*** Opening of Data excerpts ***

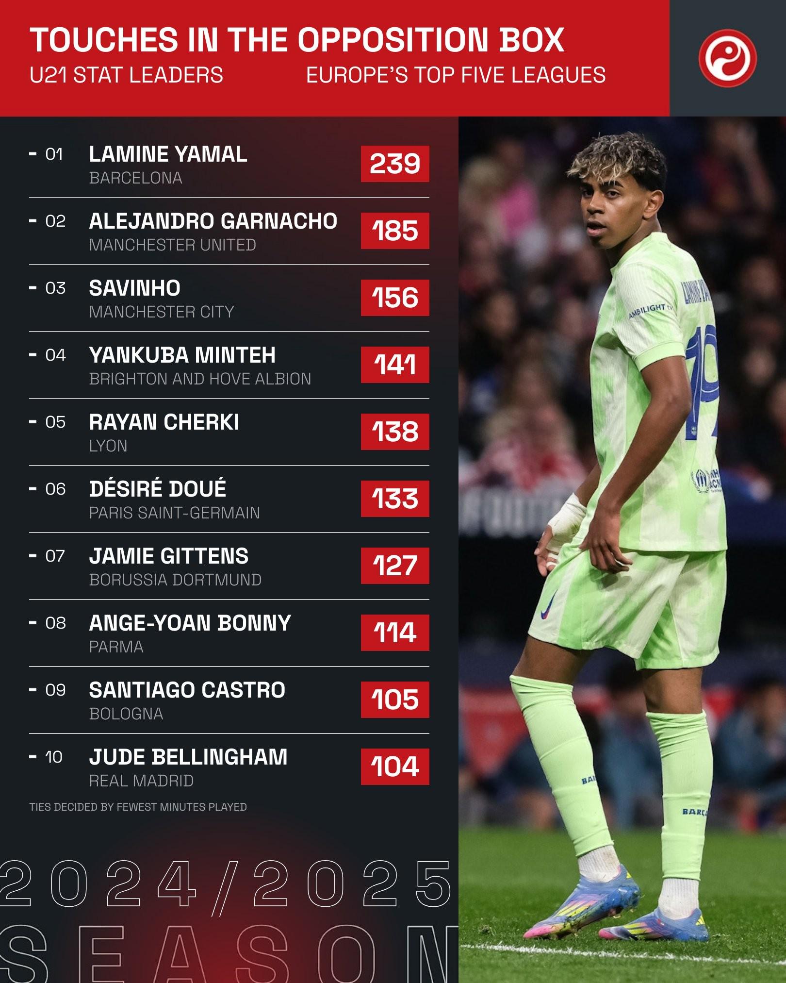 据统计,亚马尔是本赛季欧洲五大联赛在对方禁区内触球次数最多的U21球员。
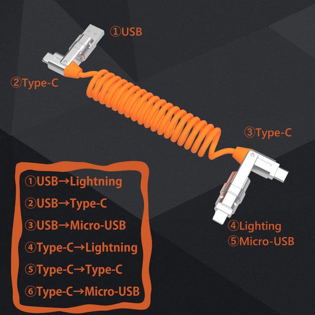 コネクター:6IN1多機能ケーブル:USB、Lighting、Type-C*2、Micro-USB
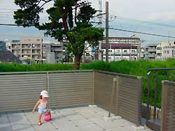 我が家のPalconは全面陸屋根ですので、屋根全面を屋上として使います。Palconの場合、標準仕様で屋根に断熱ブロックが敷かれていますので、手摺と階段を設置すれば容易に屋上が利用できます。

*** Close of Data excerpts ***
*** Opening of Data excerpts ***

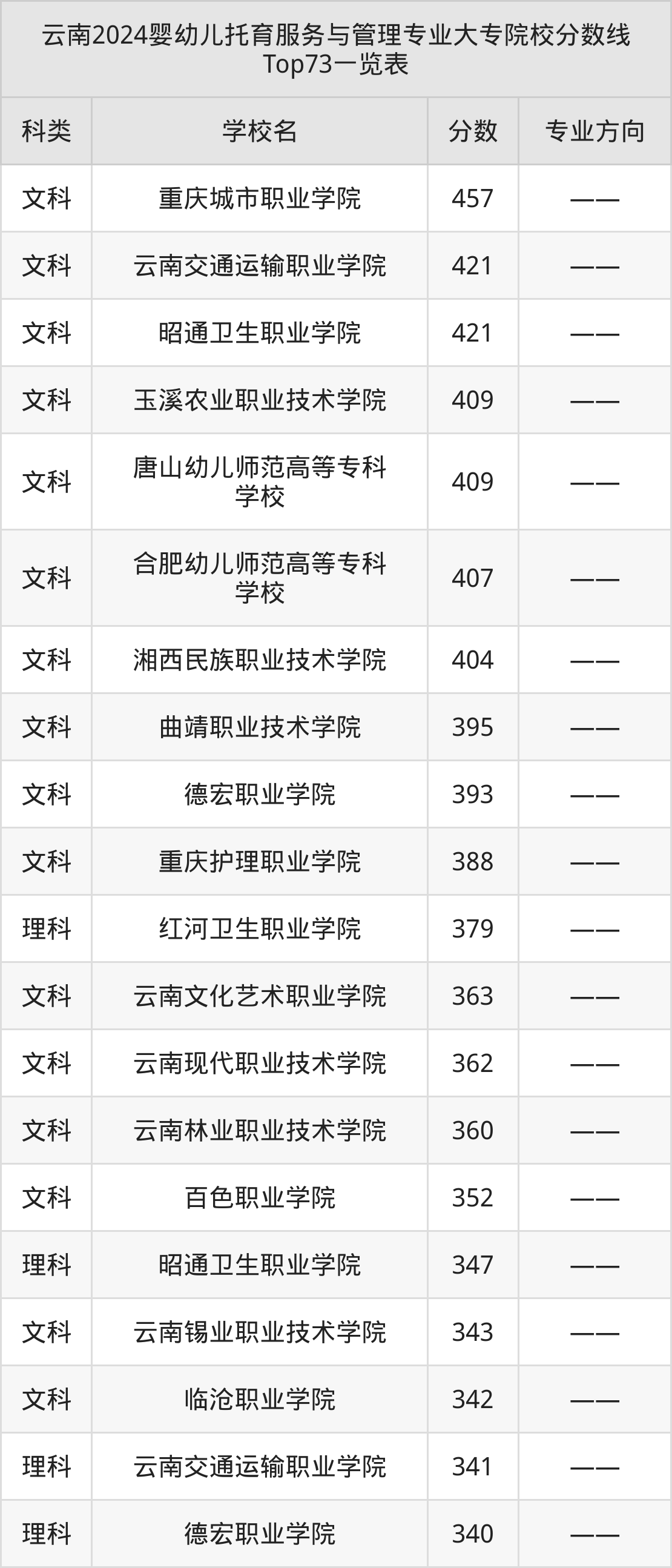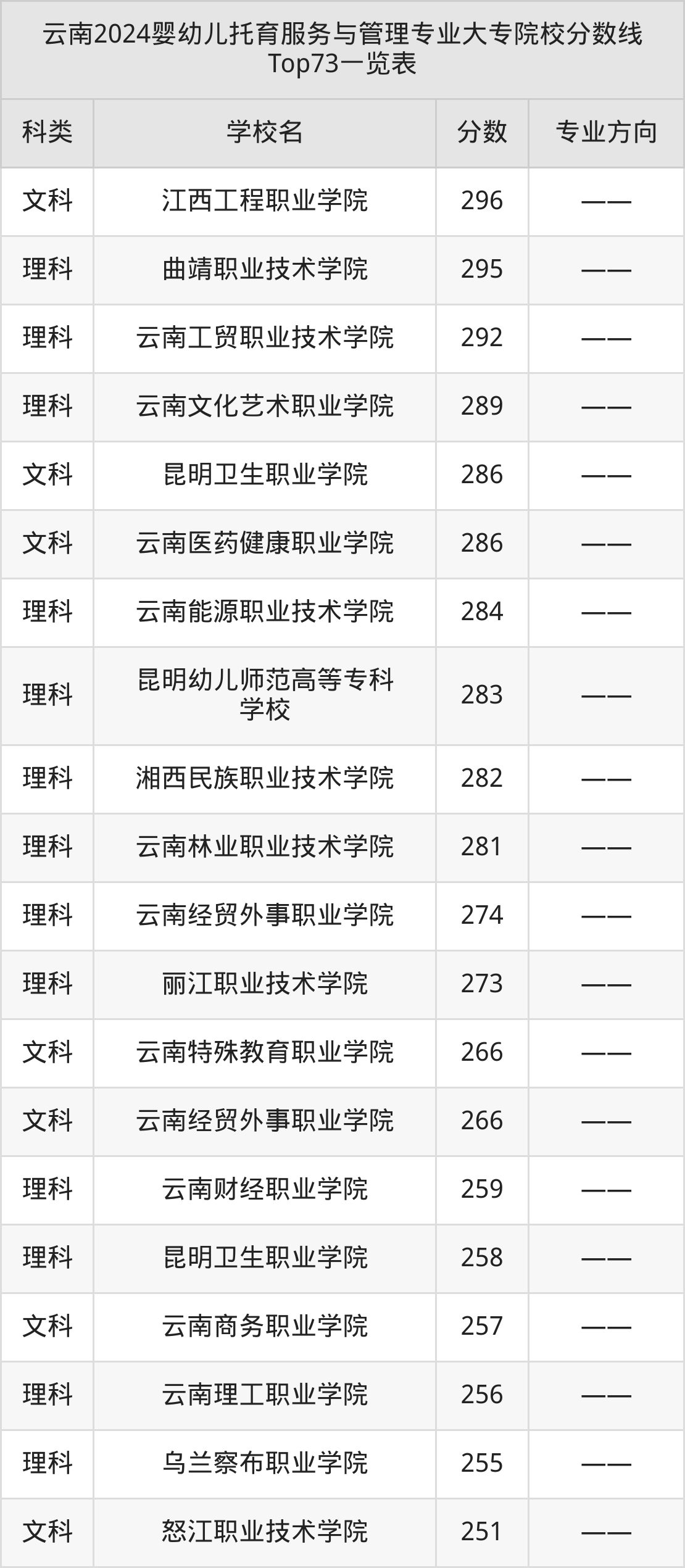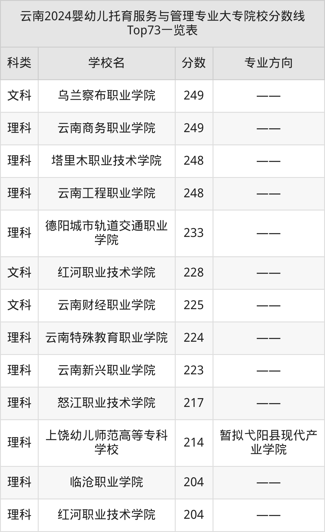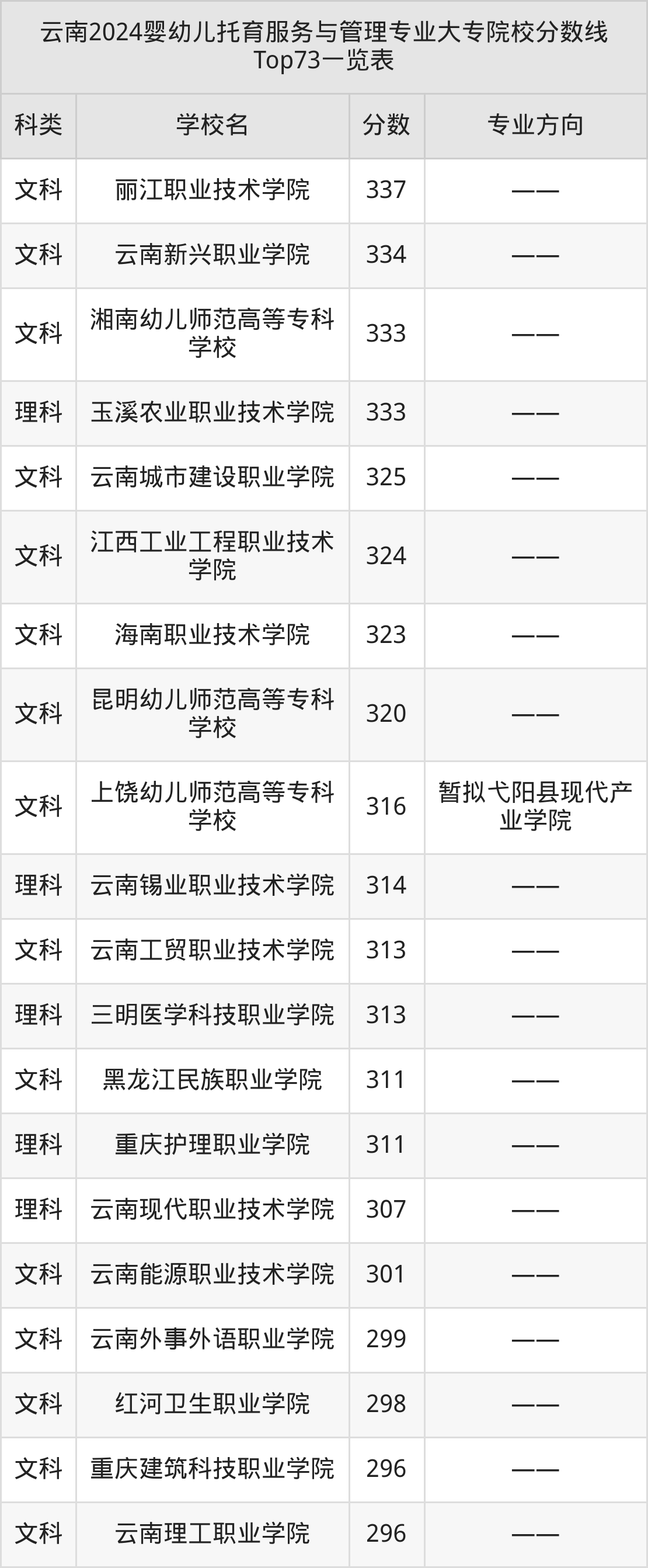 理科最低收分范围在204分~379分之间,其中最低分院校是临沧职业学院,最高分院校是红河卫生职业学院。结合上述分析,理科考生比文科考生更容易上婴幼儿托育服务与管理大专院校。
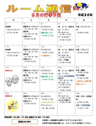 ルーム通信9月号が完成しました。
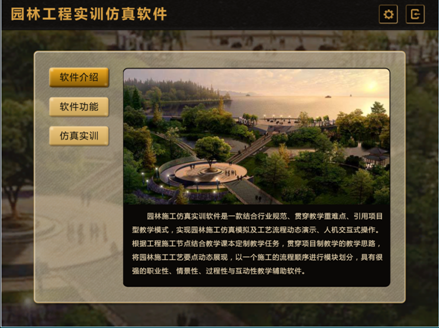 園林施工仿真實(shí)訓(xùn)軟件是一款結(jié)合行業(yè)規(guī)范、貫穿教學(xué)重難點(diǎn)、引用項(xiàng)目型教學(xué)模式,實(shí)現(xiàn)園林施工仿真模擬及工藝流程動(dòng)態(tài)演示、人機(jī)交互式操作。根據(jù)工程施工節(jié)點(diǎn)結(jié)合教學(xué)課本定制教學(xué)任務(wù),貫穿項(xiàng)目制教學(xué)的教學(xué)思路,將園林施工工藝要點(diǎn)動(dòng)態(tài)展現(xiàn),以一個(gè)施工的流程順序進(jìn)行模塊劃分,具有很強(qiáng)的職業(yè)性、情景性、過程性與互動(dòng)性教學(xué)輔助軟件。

*** Close of Data excerpts ***

Using the listing above, reproduce word for word every line from the one containing "コネクター:6IN1多機能ケ" through the one containing "我が家のPalconは全面陸". Pictures must be left out.

 コネクター:6IN1多機能ケーブル:USB、Lighting、Type-C*2、Micro-USB
 我が家のPalconは全面陸屋根ですので、屋根全面を屋上として使います。Palconの場合、標準仕様で屋根に断熱ブロックが敷かれていますので、手摺と階段を設置すれば容易に屋上が利用できます。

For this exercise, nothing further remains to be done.